Aveia, Trigo e Cevada

Mercado de trigo no Sul segue firme com demanda aquecida e dólar elevando custos de importação

Moinhos disputam trigo de qualidade no Rio Grande do Sul, enquanto Paraná e Santa Catarina mantêm mercado sustentado por oferta restrita e preços elevados


Publicado em: 21/05/2026 às 10:40hs

Mercado de trigo no Sul segue firme com demanda aquecida e dólar elevando custos de importação
Foto: CNA

O mercado de trigo na Região Sul do Brasil mantém cenário de firmeza nos preços, impulsionado pela demanda ativa dos moinhos, pela baixa disponibilidade de trigo de qualidade e pelo avanço do dólar, que voltou a encarecer a paridade de importação. O movimento fortalece as negociações internas e sustenta os valores praticados nos três principais estados produtores do país.

No Rio Grande do Sul, a procura por trigo de melhor padrão segue intensa. Segundo análises do mercado, os moinhos encontram dificuldade para adquirir lotes com qualidade superior, o que mantém os preços em patamares elevados. Negócios envolvendo trigo considerado bom chegam a atingir R$ 1.500 por tonelada CIF, dependendo da necessidade do comprador e com prazo de pagamento em até 45 dias.

Além disso, o trigo branqueador voltou a ganhar espaço nas negociações, com registros de volumes expressivos comercializados recentemente. As indústrias gaúchas já encerraram praticamente todas as coberturas para maio, enquanto os contratos de junho estão estimados em cerca de 50% preenchidos.

Para a safra nova, o mercado segue relativamente travado. A estimativa aponta cerca de 40 mil toneladas negociadas até o momento, sem novos relatos relevantes de vendas futuras. No mercado de balcão, os preços ao produtor avançaram, com destaque para Panambi, onde a saca atingiu R$ 64,00.
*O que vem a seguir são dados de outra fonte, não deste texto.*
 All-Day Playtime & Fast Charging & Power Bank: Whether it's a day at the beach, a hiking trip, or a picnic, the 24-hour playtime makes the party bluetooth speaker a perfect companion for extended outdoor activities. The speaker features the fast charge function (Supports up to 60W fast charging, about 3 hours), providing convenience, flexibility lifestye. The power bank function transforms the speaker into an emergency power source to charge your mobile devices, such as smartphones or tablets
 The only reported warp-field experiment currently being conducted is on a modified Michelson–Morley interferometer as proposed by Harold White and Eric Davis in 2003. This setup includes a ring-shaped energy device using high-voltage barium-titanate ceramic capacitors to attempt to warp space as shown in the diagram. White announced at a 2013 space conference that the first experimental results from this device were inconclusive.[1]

Santa Catarina mantém estabilidade no mercado de trigo

Em Santa Catarina, o mercado continua apresentando maior estabilidade em comparação aos demais estados do Sul. O estado segue recebendo ofertas tanto do mercado interno quanto de trigo originado do Rio Grande do Sul e do Paraná.

Os preços do trigo catarinense subiram para o piso de R$ 1.350 por tonelada FOB, considerando retirada e pagamento em 30 dias. Alguns negócios têm ocorrido com liquidação semanal, refletindo a necessidade de abastecimento imediato de parte dos compradores.
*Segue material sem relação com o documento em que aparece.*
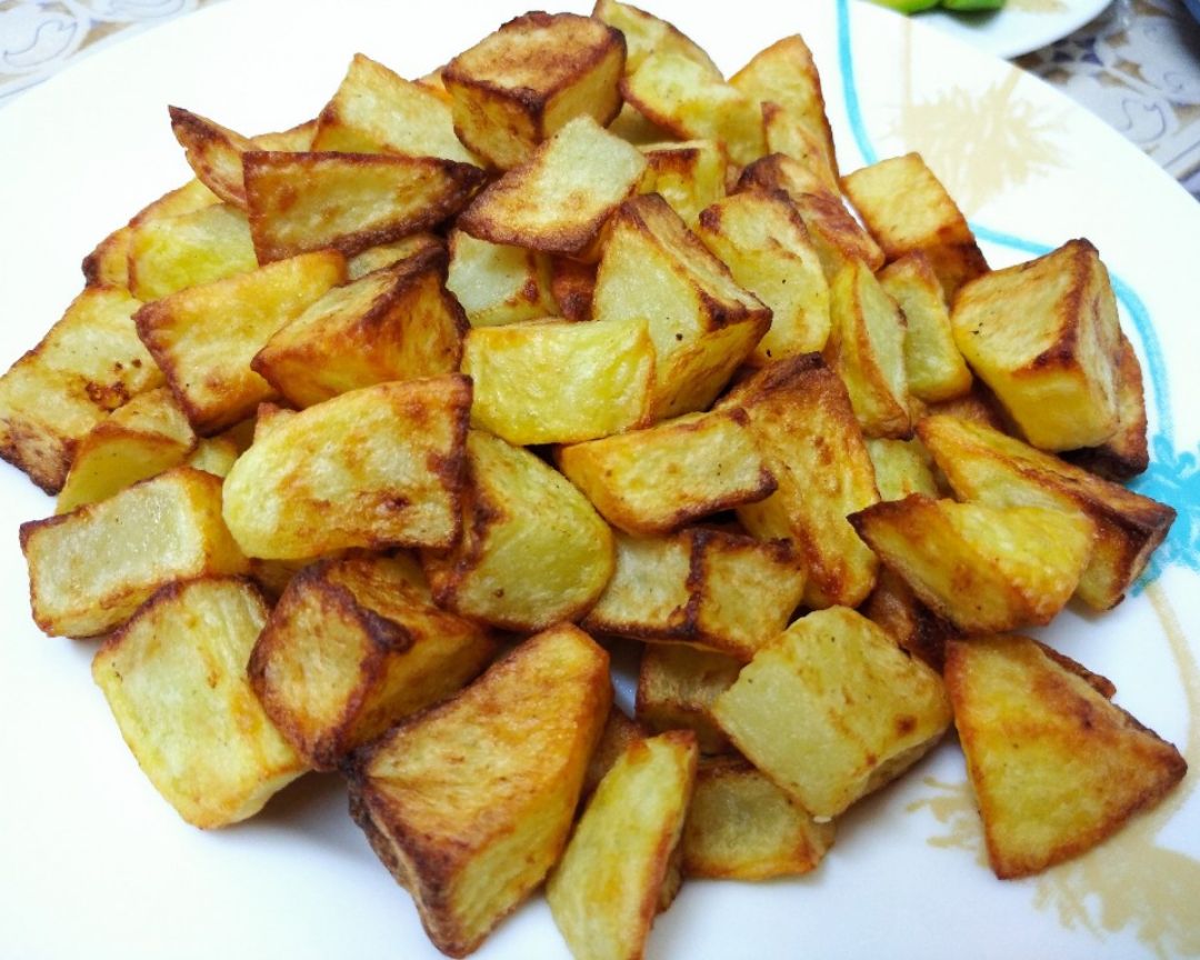 Mientras precalienta la máquina 5 minutos a 200°, cortar las patatas en daditos. Luego ponerle sal y AOVE y remover bien para que se impregnen todas. ⚠️Nota: pueden cortarse como se quiera: bastones, rodajas, gajos, daditos... En mi caso, los mejores resultados los he conseguido siempre cortándolas así, en dados como se ve en la foto.

No mercado de balcão catarinense, os preços apresentaram comportamento misto entre as regiões produtoras. Houve estabilidade nas praças de Canoinhas, Xanxerê, Chapecó e Joaçaba, enquanto Rio do Sul e São Miguel do Oeste registraram valorização recente.

Paraná opera com preços ajustados e poucas ofertas disponíveis

No Paraná, o mercado também segue firme, sustentado pela escassez de ofertas e pela postura cautelosa dos vendedores. As indicações de venda variam entre R$ 1.400 e R$ 1.500 por tonelada FOB, enquanto compradores sinalizam negócios próximos de R$ 1.450 por tonelada nos moinhos para entregas em junho.

O trigo branqueador no estado tem referência ao redor de R$ 1.450 FOB. Já para a safra nova, os preços indicativos para setembro permanecem entre R$ 1.320 e R$ 1.350 por tonelada FOB.

No cenário de importação, o trigo argentino nacionalizado nos portos brasileiros aparece entre US$ 290 e US$ 295 por tonelada. Apesar disso, o trigo gaúcho ofertado entre R$ 1.350 e R$ 1.400 FOB enfrenta resistência dos moinhos paranaenses devido aos custos logísticos e à carga tributária envolvida nas operações interestaduais.

Dólar segue como fator decisivo para o mercado de trigo

O avanço do dólar continua sendo um dos principais fatores de sustentação do mercado brasileiro de trigo. Com a moeda norte-americana mais valorizada, o cereal importado perde competitividade, favorecendo o produto nacional e reforçando a tendência de preços firmes no Sul do país.

A combinação entre estoques restritos, demanda contínua da indústria moageira e dificuldades para aquisição de trigo de qualidade deve manter o mercado sustentado nas próximas semanas, especialmente enquanto a oferta da nova safra ainda não ganha volume significativo.